Nirivilo de noche es un espectáculo. Los pastizales quemándose deslumbran a los niños huyendo de las ampollas que les pueden provocar las luces fluorescentes si los llegan a tocar. Circundando las casas del valle al interior de la séptima región, las grúas avanzan frenéticas. En tiempo récord deben excavar en torno a las viviendas para crear un cortafuego. Han creado decenas en solo algunas horas. Los operarios son los propios dueños de las grúas, solidarios, extendidos hacia los vecinos que se amarran al sillón de sus casas, porfiados, dispuestos a enfrentar el fuego con el rostro antes de abandonar sus recuerdos plasmados en tablas inflamables. En Nirivilo no se quemó ninguna casa, sólo bosques, y el miércoles 25 de enero la noticia se comenta en la calle principal del pueblo. Se junta la María Pistola con un bombero de noventa y un años y hasta echan la talla. “Lo que se quemó no importa, importa que estamos bien” dice una señora mayor, mientras una más joven que pasa sus días entre Talca y el pequeño poblado agradece a “dios haber estado acá al momento de la tragedia”. En Nirivilo son así, no esquivan los azotes, los enfrentan con pieles ásperas. Así encararon al terremoto del 2010, ese que arrebató tantas casas de adobe a este patrimonio arquitectónico. Esta vez, frente al fuego avanzando incesante desde la cordillera a la costa, no iban a hacer lo contrario. Esperarían, pisando chispa a chispa los intentos del invierno por masacrar las casas levantadas luego del sismo. En la calma, ante la falta de luz y agua potable, se ayudarían entre todos, con el mismo amor mostrado por los almaceneros de la cuadra, esos que amasan pan por la mañana para repartir a los bomberos al mediodía, esos que en lugar de vender, de sacar provecho de la escasez, arman decenas de sándwich para repartir por las casas.

En Paredones, un matrimonio no corrió la misma suerte. La casa que recibieron del gobierno luego del terremoto 8.8 no resistió las llamas y, siete veranos después, otra vez se quedaron con lo que alcanzaron a salvar en una huida, otra vez recorrieron al alba las piezas derrumbadas, consumidas, buscando alguna foto de los niños cuando chicos, algún peluche sobreviviendo junto a galones de gas ennegrecidos. Pero no hay nada. Sólo la sospecha ante el futuro, ante la sorpresa desgraciada que pueda estar preparando este país que les da nacionalidad y derechos, para luego derrumbar en dos o tres minutos lo construido en años.

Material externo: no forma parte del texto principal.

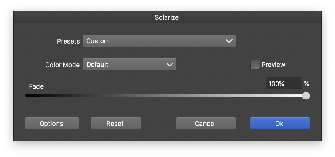 - Fade - Edit the amount of fading between the original color and the solarized color.
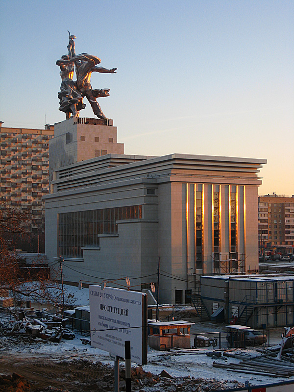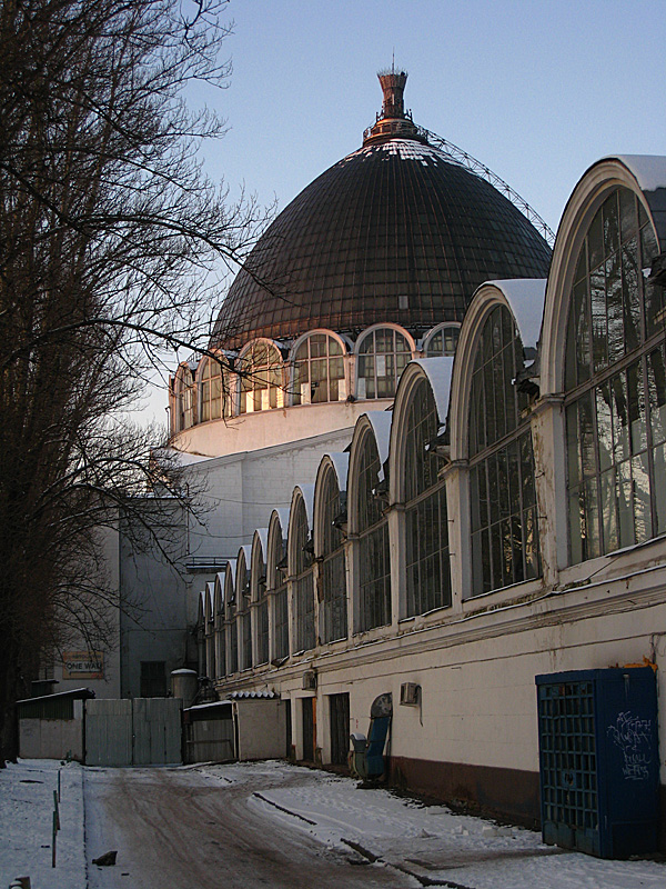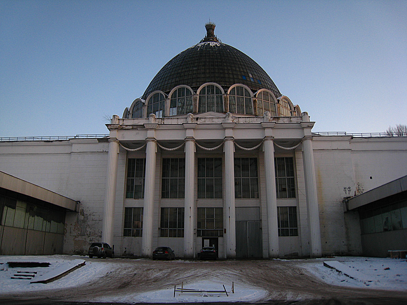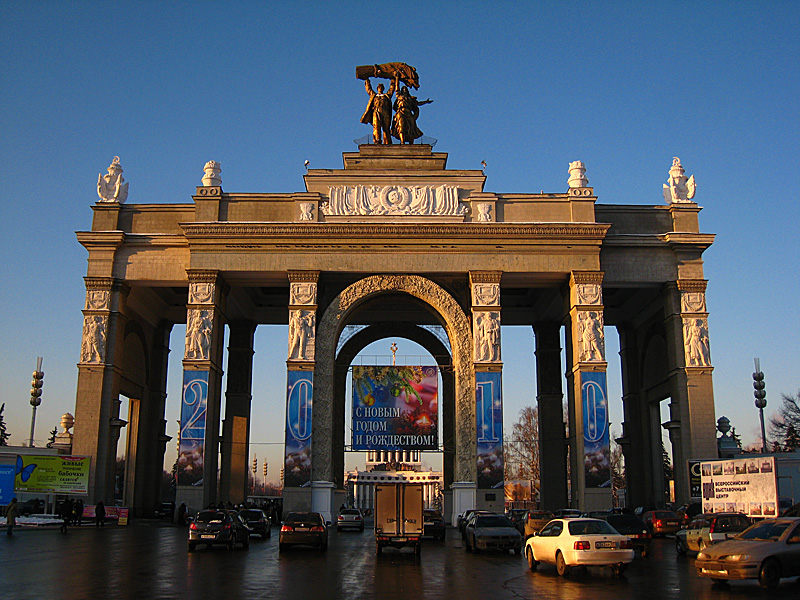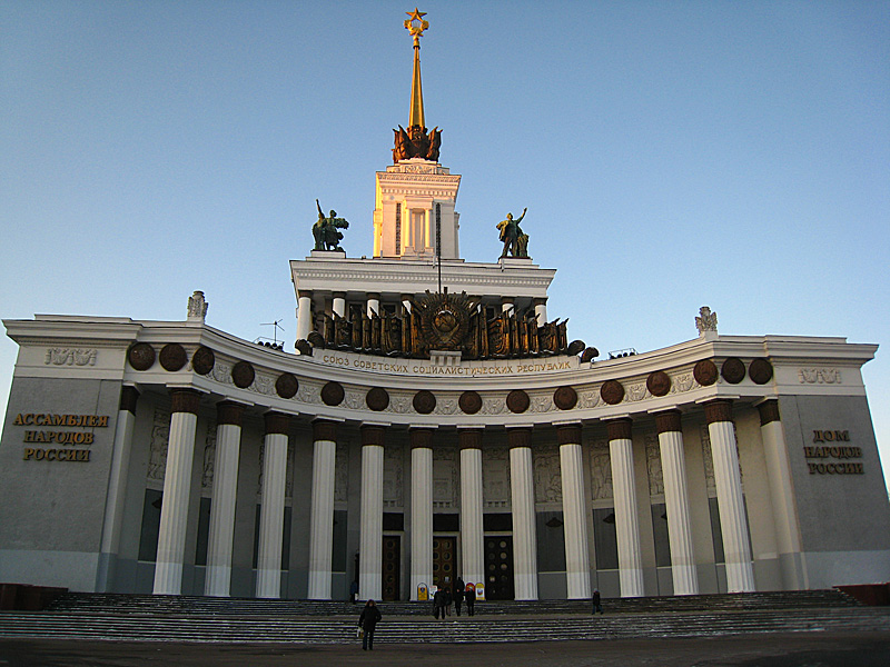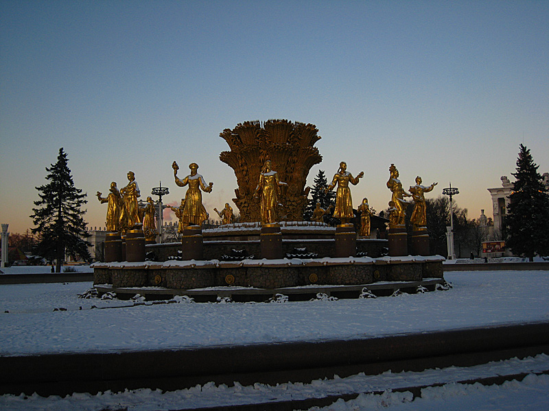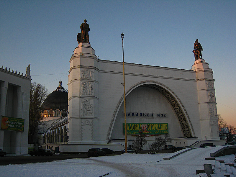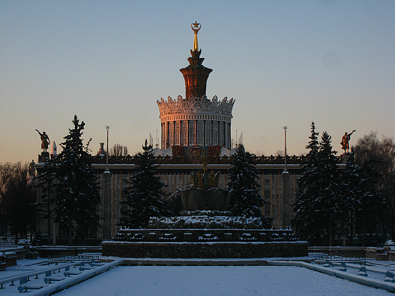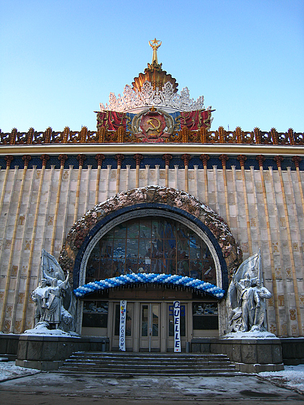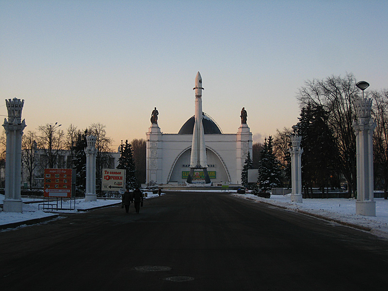 Close up of the Stalin Skyscraper.Inside the building there were tourist markets. Cell phones, cameras, and other technology were on racks for sale. But the exquisite decorations still peaked through above and behind all this.A gold fountain on the other side of the Stalin building.A Christmas Tree! On the left, the dome I wanted to see. Another Stalinesque building on the right, and one of a different style in the middle.The long pool, now frozen, in front of the middle building.The Soviet Logo still looking good at the top of the building.I was getting closer to the dome. Now there was a rocket in front of it.And a plane. with CCCP on it. You don’t see many of these nowadays.Close-up of the rocket“Pavilion No.32” it read on the front of the huge building with the dome. I didn’t know what to think of it from this close. I was expecting a giant cathedral with detailed decorations and now it turns out it’s a Soviet Building.I decided to walk around it, clockwise. The building was still pretty amazing but in a different way. I was unsure what to make of the architecture and glass. It seemed like it had the potential to be beautiful, but the cheap glass created a setback.From the backside of it. It took me almost an hour to get to this point along the walk and I didn’t dillydally, except for the quick photo every 5 seconds.

En Carrizalillo, sexta región, un joven cuenta, con ampollas en las manos, cómo recorrió casa por casa despertando a los abuelos imbuidos en el sueño ignorante de siniestros, cuenta cómo su amigo Johnny tuvo que meterse en moto bajo la lluvia de cenizas a rescatar vecinos en las casas de más lejos. Se tenían que salvar. Debían dar testimonio del cómo se salvaron del mayor incendio en la historia de Chile, ese del fuego que cambia de dirección a cada segundo, ese que se nutre de las insólitas olas de calor en el año más extenuante del que se tenga registro. En Marchigüe, gente mojando caballitos demuestra que también se podía luchar con una manguera. Aunque sólo detuvieran por un instante el ardor en los lomos de sus compañeros de trabajo, no podían quedarse de manos cruzadas. El ejemplo lo daban los bomberos que viajaron desde Los Andes, lo daban jóvenes llegados desde Valparaíso tras hacer dedo en medio del humo. El ejemplo lo daba el niño que regaló una decena de helados a los bomberos de Laja que pasaron agobiados por el peaje de Santa Clara rumbo al fuego. El ejemplo lo daba la emoción sobre el camión de esos viejos escuchando We are the champions y agradeciendo que el niño asumiera la pérdida de ganancia sin pedir nada a cambio. El ejemplo lo daban los otros mil trescientos voluntarios que en lugar de estar de vacaciones o disfrutando con sus familias estaban exponiéndose, valerosos, al peligro de la mayor catástrofe forestal de nuestro tiempo. Sí, soportar con una mísera manguera de riego para aplacar el dolor de las heridas de un caballo sí valía la pena.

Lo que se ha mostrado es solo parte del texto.